Determination under s.20 of the Courts (Case Transfer) Act 1991

  1. This proceeding was issued by writ on 20 December 2006.  The plaintiff claims damages for personal injury arising out of a fall at Flemington Racecourse on 4 November 2004.  On 19 January 2007 the defendant filed a jury notice.  On 14 February 2007, on the return of a summons for directions, I made orders by consent containing directions relating to the disposition of the interlocutory proceedings in the action. 

  1. On 15 February 2007 the defendant referred the proceeding to the Master under s.17(1) of the Courts (Case Transfer) Act 1991 (“the Act”) as a proceeding which may be suitable for transfer to the County Court under Part 3 of that Act. The defendant filed submissions dated 5 March 2007 in support of that reference. No submissions were made on behalf of the plaintiff. Based on the materials, the Master formed the conclusion that the proceeding should be transferred to the County Court under Part 3 of the Act. Accordingly the Master made an order to that effect dated 3 May 2007.
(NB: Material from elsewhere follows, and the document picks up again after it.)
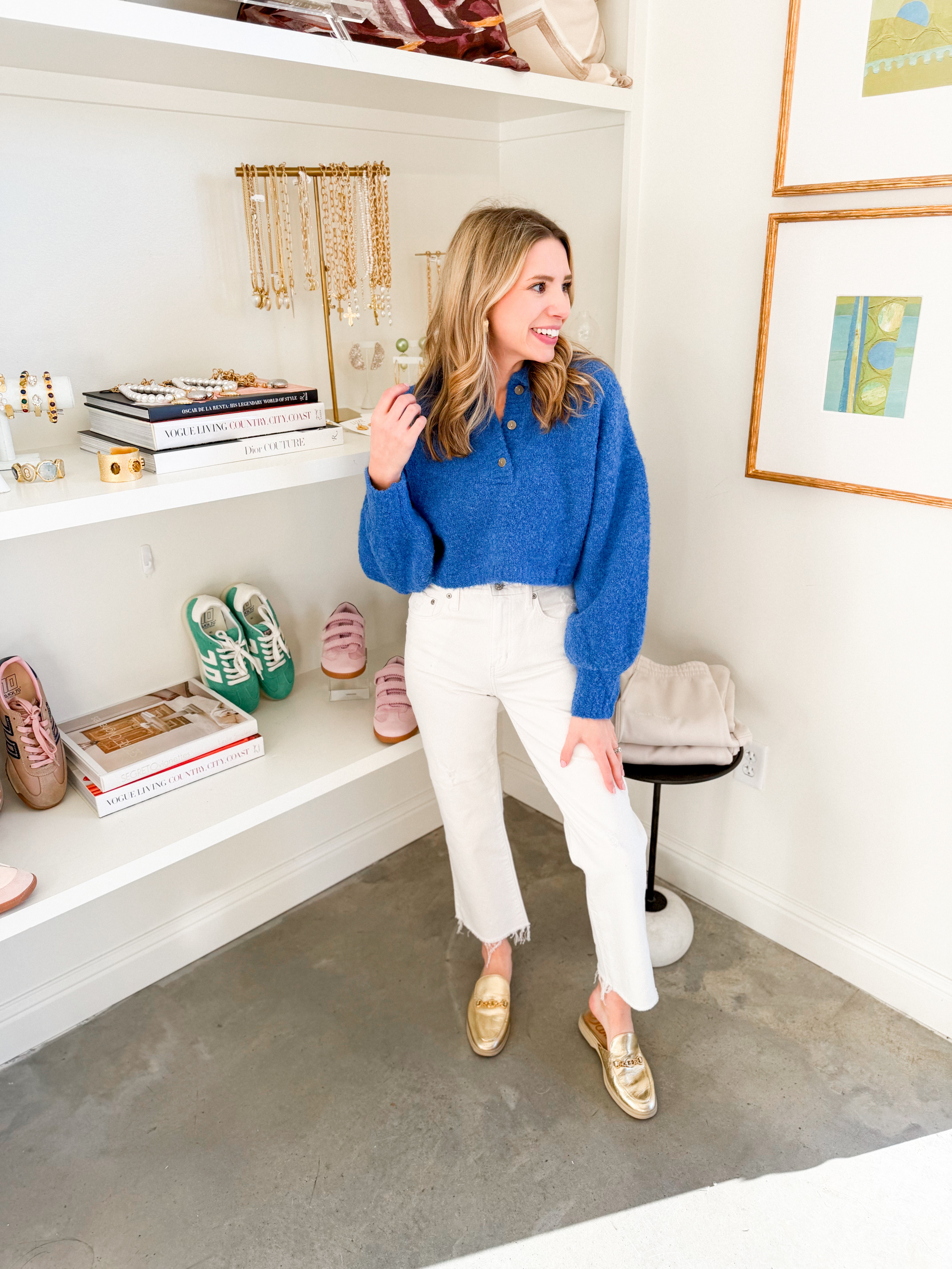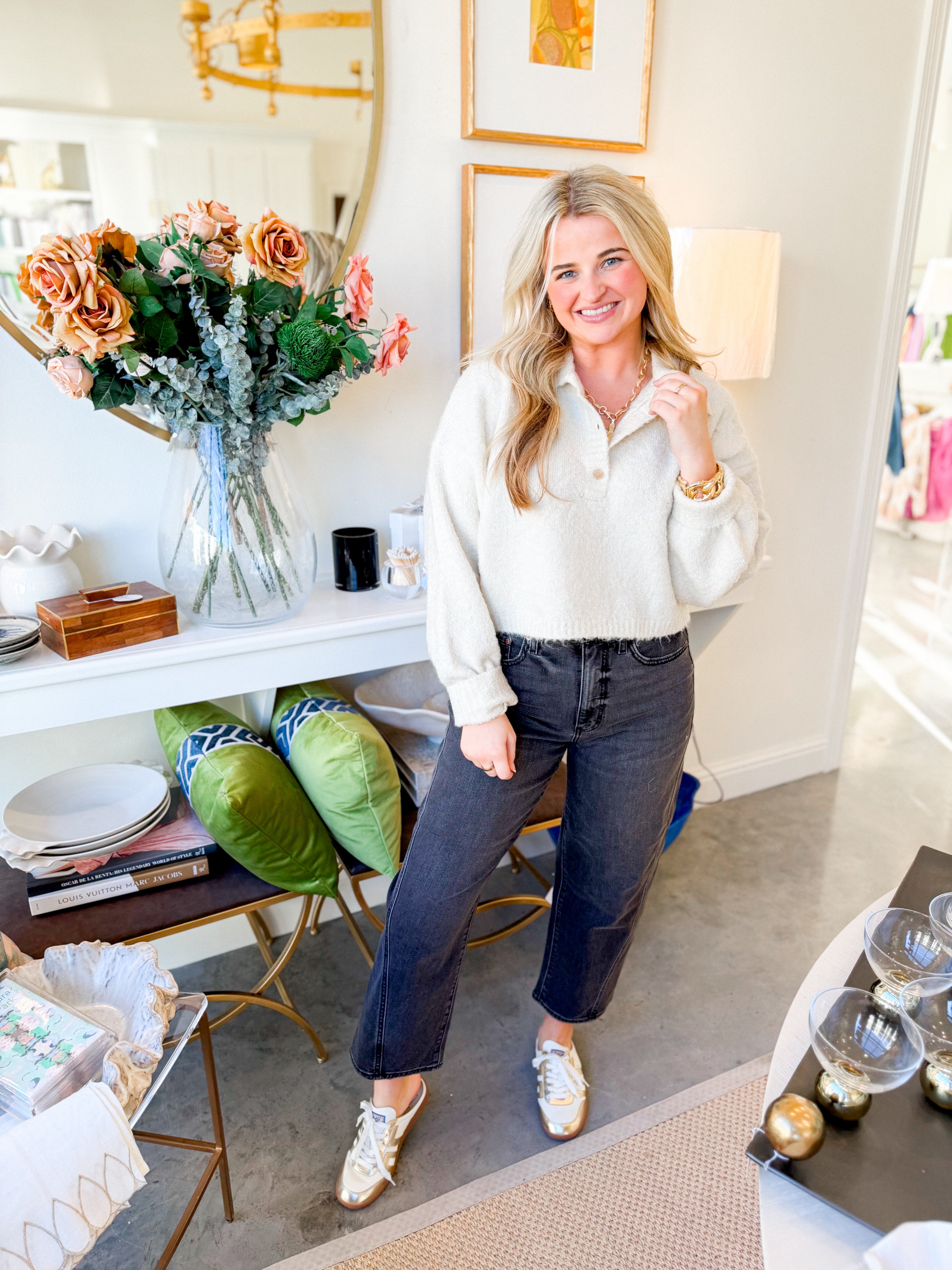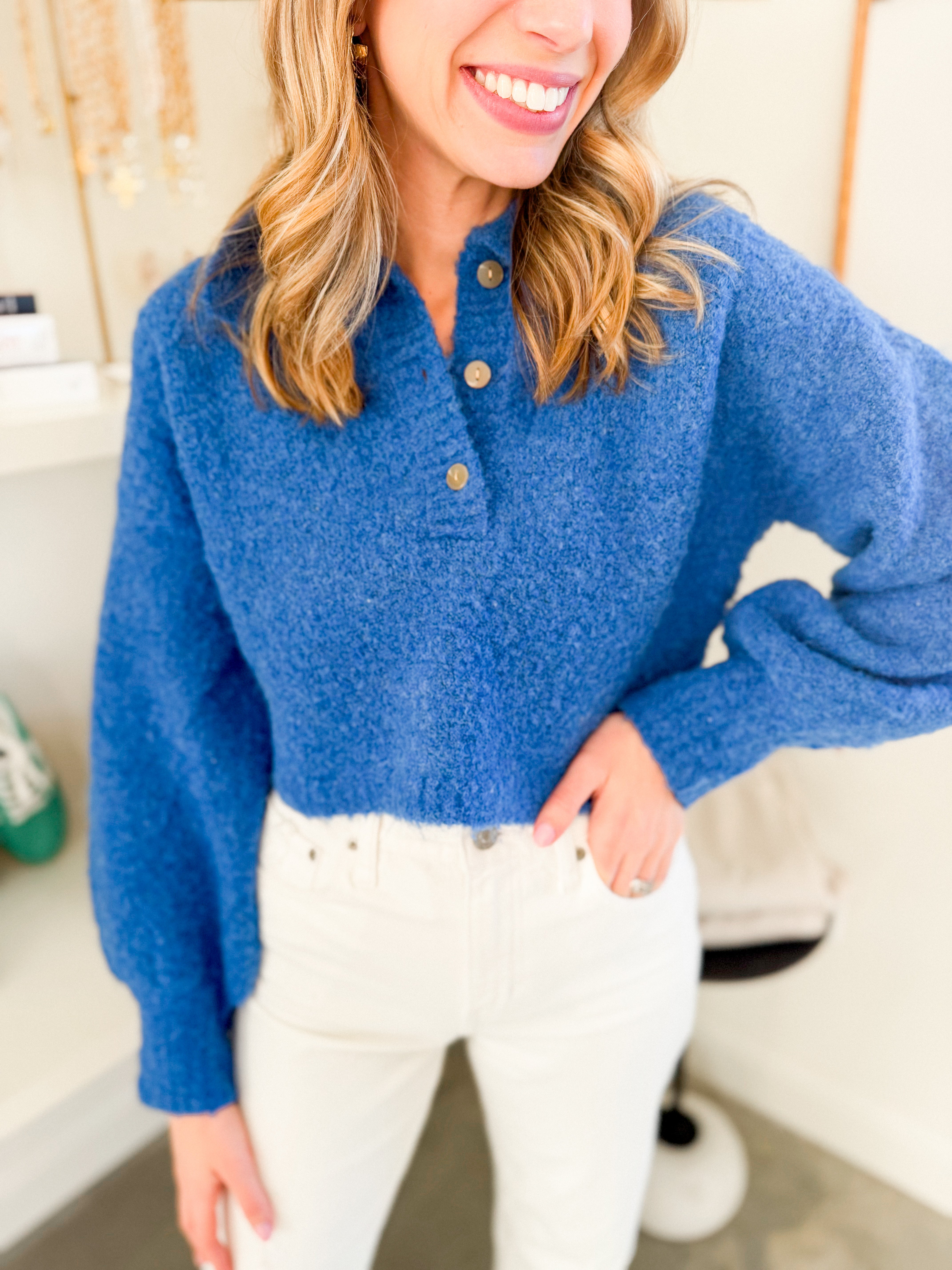 The Audrey Sweater combines timeless elegance with contemporary styling. This sophisticated piece features a structured collar and textured knit fabric that adds visual depth and dimension. The cropped silhouette pairs perfectly with high-waisted bottoms, while the long sleeves provide refined coverage. An effortless layering essential that transitions seamlessly from day to evening.

  1. Pursuant to s.19 of the Act the plaintiff has objected to the transfer of the proceeding to the County Court and has filed a notice of objection. In support the plaintiff has filed submissions opposing the transfer of the proceeding to the County Court. Under s.4 of the Act, the Chief Justice has delegated to me the determination of the plaintiff’s objection. Accordingly the matter has come to me for determination pursuant to s.20 of the Act.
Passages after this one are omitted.